= WORK REQUIRED =
Go through the data that follows and restate each line exactly as it reads.

= EXTRACTED INFORMATION =
....

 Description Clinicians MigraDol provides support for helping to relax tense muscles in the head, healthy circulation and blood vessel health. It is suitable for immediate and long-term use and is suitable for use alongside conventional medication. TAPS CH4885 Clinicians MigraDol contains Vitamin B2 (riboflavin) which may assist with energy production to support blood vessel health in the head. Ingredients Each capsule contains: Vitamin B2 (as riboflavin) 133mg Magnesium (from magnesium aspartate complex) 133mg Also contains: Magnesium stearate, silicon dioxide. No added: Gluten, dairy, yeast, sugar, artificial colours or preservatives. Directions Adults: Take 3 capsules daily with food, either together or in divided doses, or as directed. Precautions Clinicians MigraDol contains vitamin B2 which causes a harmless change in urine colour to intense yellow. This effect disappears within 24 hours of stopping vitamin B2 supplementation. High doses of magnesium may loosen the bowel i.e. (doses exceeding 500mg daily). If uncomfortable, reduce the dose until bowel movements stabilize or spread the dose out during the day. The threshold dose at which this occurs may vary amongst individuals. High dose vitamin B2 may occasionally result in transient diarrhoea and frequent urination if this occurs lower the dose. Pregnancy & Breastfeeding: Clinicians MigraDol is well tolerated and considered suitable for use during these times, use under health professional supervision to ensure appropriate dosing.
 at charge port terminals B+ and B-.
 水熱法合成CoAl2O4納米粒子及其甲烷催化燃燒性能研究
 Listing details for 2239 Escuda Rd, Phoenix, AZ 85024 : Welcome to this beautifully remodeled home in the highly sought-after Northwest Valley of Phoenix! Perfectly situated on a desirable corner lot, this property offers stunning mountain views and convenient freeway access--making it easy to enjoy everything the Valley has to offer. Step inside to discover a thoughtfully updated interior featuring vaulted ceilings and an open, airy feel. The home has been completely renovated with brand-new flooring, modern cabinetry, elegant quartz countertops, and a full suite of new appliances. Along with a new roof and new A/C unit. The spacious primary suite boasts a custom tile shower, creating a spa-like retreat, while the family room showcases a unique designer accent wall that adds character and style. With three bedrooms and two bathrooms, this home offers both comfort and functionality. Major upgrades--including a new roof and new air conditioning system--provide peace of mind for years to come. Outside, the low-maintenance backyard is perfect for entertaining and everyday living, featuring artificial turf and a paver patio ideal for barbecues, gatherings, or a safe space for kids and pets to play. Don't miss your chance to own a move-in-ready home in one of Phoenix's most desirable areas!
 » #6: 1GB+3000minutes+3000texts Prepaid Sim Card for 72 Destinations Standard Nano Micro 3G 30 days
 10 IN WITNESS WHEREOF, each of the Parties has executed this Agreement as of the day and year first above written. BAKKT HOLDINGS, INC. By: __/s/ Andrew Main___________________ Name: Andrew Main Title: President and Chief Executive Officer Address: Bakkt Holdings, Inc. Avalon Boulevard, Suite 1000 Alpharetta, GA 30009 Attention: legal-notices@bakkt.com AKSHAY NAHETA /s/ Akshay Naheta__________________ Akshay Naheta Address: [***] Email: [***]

....

= COMPLETED EXERCISE =
 Description Clinicians MigraDol provides support for helping to relax tense muscles in the head, healthy circulation and blood vessel health. It is suitable for immediate and long-term use and is suitable for use alongside conventional medication. TAPS CH4885 Clinicians MigraDol contains Vitamin B2 (riboflavin) which may assist with energy production to support blood vessel health in the head. Ingredients Each capsule contains: Vitamin B2 (as riboflavin) 133mg Magnesium (from magnesium aspartate complex) 133mg Also contains: Magnesium stearate, silicon dioxide. No added: Gluten, dairy, yeast, sugar, artificial colours or preservatives. Directions Adults: Take 3 capsules daily with food, either together or in divided doses, or as directed. Precautions Clinicians MigraDol contains vitamin B2 which causes a harmless change in urine colour to intense yellow. This effect disappears within 24 hours of stopping vitamin B2 supplementation. High doses of magnesium may loosen the bowel i.e. (doses exceeding 500mg daily). If uncomfortable, reduce the dose until bowel movements stabilize or spread the dose out during the day. The threshold dose at which this occurs may vary amongst individuals. High dose vitamin B2 may occasionally result in transient diarrhoea and frequent urination if this occurs lower the dose. Pregnancy & Breastfeeding: Clinicians MigraDol is well tolerated and considered suitable for use during these times, use under health professional supervision to ensure appropriate dosing.
 at charge port terminals B+ and B-.
 水熱法合成CoAl2O4納米粒子及其甲烷催化燃燒性能研究
 Listing details for 2239 Escuda Rd, Phoenix, AZ 85024 : Welcome to this beautifully remodeled home in the highly sought-after Northwest Valley of Phoenix! Perfectly situated on a desirable corner lot, this property offers stunning mountain views and convenient freeway access--making it easy to enjoy everything the Valley has to offer. Step inside to discover a thoughtfully updated interior featuring vaulted ceilings and an open, airy feel. The home has been completely renovated with brand-new flooring, modern cabinetry, elegant quartz countertops, and a full suite of new appliances. Along with a new roof and new A/C unit. The spacious primary suite boasts a custom tile shower, creating a spa-like retreat, while the family room showcases a unique designer accent wall that adds character and style. With three bedrooms and two bathrooms, this home offers both comfort and functionality. Major upgrades--including a new roof and new air conditioning system--provide peace of mind for years to come. Outside, the low-maintenance backyard is perfect for entertaining and everyday living, featuring artificial turf and a paver patio ideal for barbecues, gatherings, or a safe space for kids and pets to play. Don't miss your chance to own a move-in-ready home in one of Phoenix's most desirable areas!
 » #6: 1GB+3000minutes+3000texts Prepaid Sim Card for 72 Destinations Standard Nano Micro 3G 30 days
 10 IN WITNESS WHEREOF, each of the Parties has executed this Agreement as of the day and year first above written. BAKKT HOLDINGS, INC. By: __/s/ Andrew Main___________________ Name: Andrew Main Title: President and Chief Executive Officer Address: Bakkt Holdings, Inc. Avalon Boulevard, Suite 1000 Alpharetta, GA 30009 Attention: legal-notices@bakkt.com AKSHAY NAHETA /s/ Akshay Naheta__________________ Akshay Naheta Address: [***] Email: [***]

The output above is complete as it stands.